A few researchers have previously described the cytologic findings of LAM (8-12,15). The reported cases have common cytologic characters as we described. LCCs, specific feature for LAM, present 3-dimensional spheres on the smear. They are consistently composed of two different cellular components: inner cells and outer cells. The inner cells are oval or spindle, and they have similar size in appearance. The outer layer of cells is scattered, flat and looks like endothelial cells. Histologically, proliferating smooth muscle cells lead to the formation of cysts in pulmonary alveolus and interstitium around the blood vessels and small airways. Chylous effusion might be observed in the thoracic cavity when smooth muscle cells around lymphatic vessels obstructed lymphatic pathways (9,16,17). Immunocytochemical analysis is helpful for confirming the diagnosis of LAM. The inner cells usually show immunoreactivity for SMA and HMB45. In some cases they can also be positive for Melan-A, ER or PR. The superficial cells frequently express D2-40 (10,12,17,18).
In fact, chylous fluid is one of the most frequent complications of LAM (6,13,14). In a large series reported by Chu SC et al., chylothorax was observed in 23% of cases during the course of the disease. Other effusions were ascites (11%) and pericardial effusion (6%) (13). Therefore, in theory, quite a number of LAM cases can be confirmed by cytologic examination. The cell block method was 15% more than the routine conventional smear method in cellularity and additional yield for malignancy (19). In addition, it can be used to perform specific pathology detections, such as molecular testing or immunocytochemistry.
The ERS diagnostic criteria for LAM highlights the function of HRCT but ignores that of conventional CT (7). Characteristic lung HRCT of LAM is multiple (>10) thin-walled round well-defined air-filled cysts throughout the lungs. And the cysts are mostly 2 mm to 2 cm in size (20). However it is difficult to popularize HRCT in every medical center, especially in developing countries. In this case, multiple cysts can also be seen clearly in both lung fields on a conventional chest CT. We believe conventional chest CT can still provide some useful information for pulmonary LAM, although its resolution is lower.

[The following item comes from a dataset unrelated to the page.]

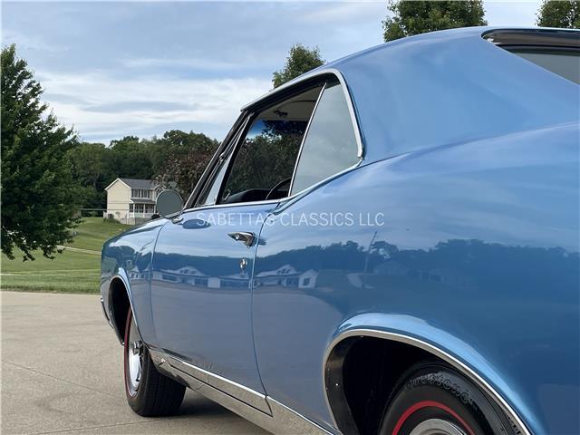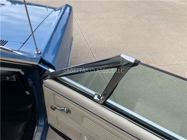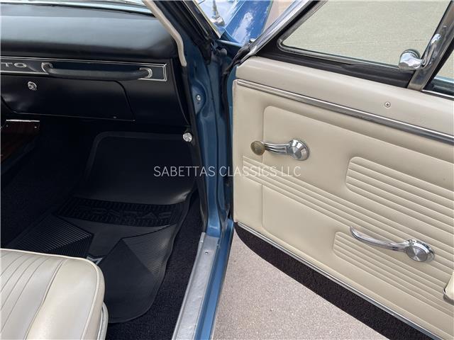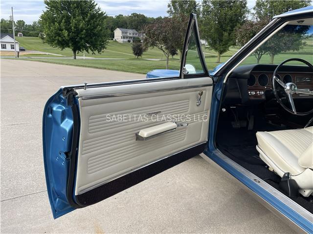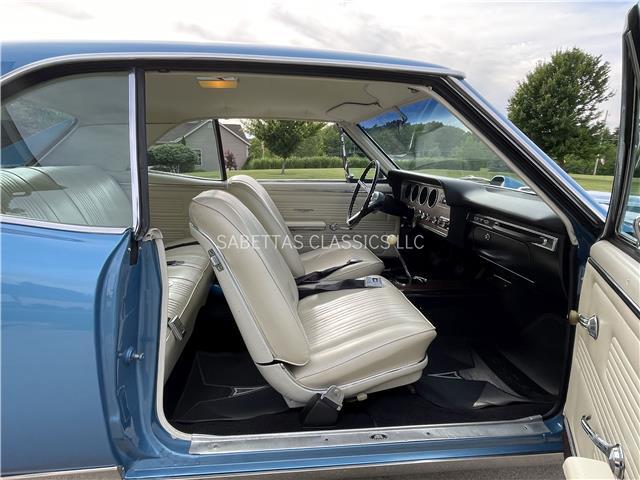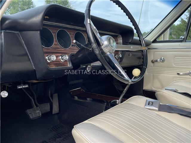 The Parchment interior is in great shape, the seat upholstery and seat foam have been replaced. In between the bucket seats is a factory center console with a factory Hurst 4 speed shifter with a white shift knob coming out of it. The door panels, armrest bases, pads, door handles, carpet, headliner and rear package tray have all been replaced. The wood grain dash is in great shape along with the knobs. Other features include an aftermarket AM/FM stereo. It has a nice dash pad, front and rear seatbelts and nicely painted door jambs with nice sill plates.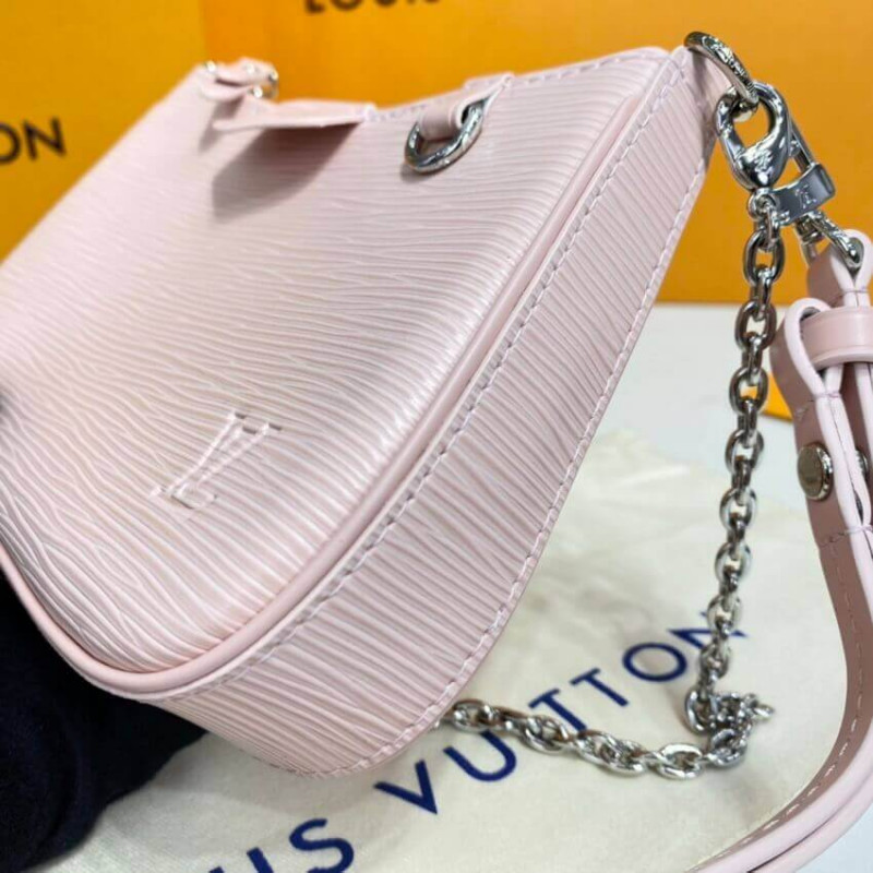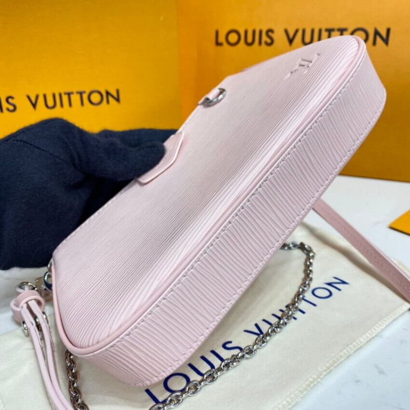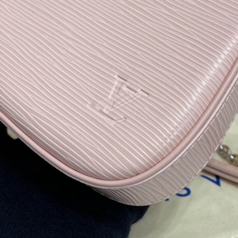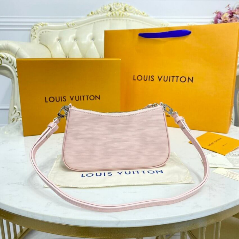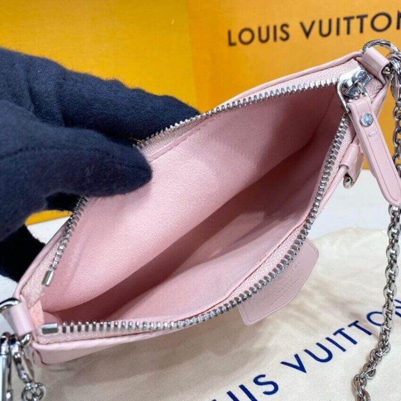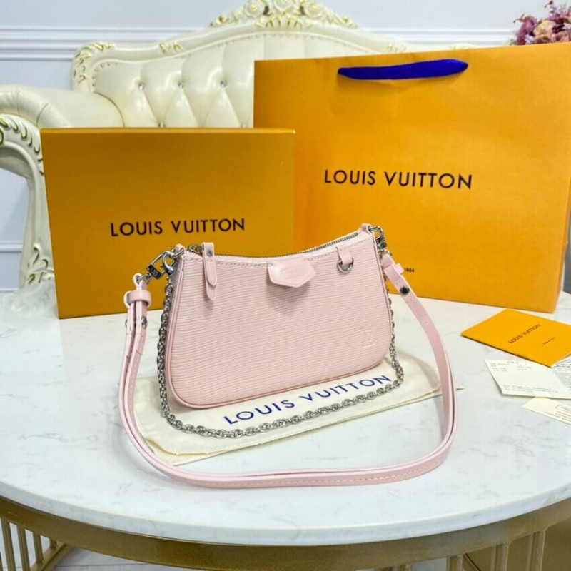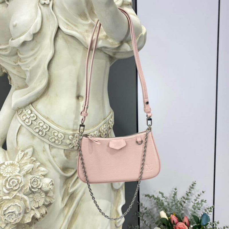 The Easy Pouch on Strap is a sleek design in grained Epi leather, discreetly embossed with the LV Initials. Large enough to hold everyday essentials, this on-trend model is notable for its versatility, featuring a removable chain and a removable, adjustable leather strap for shoulder or cross-body carry. The D-ring on the outside can be used to attach a charm.

In conclusion, the diagnosis of LAM can be confirmed by cytologic examination based on chylous effusion in conjunction with conventional chest CT and clinical manifestations. This effective method can help some patients to avoid an invasive biopsy.
This work was supported by the grant from Science & Technology Development Foundation of Qingdao City (No. 08-2-1-4-nsh).
Disclosure: The authors declare no conflict of interest.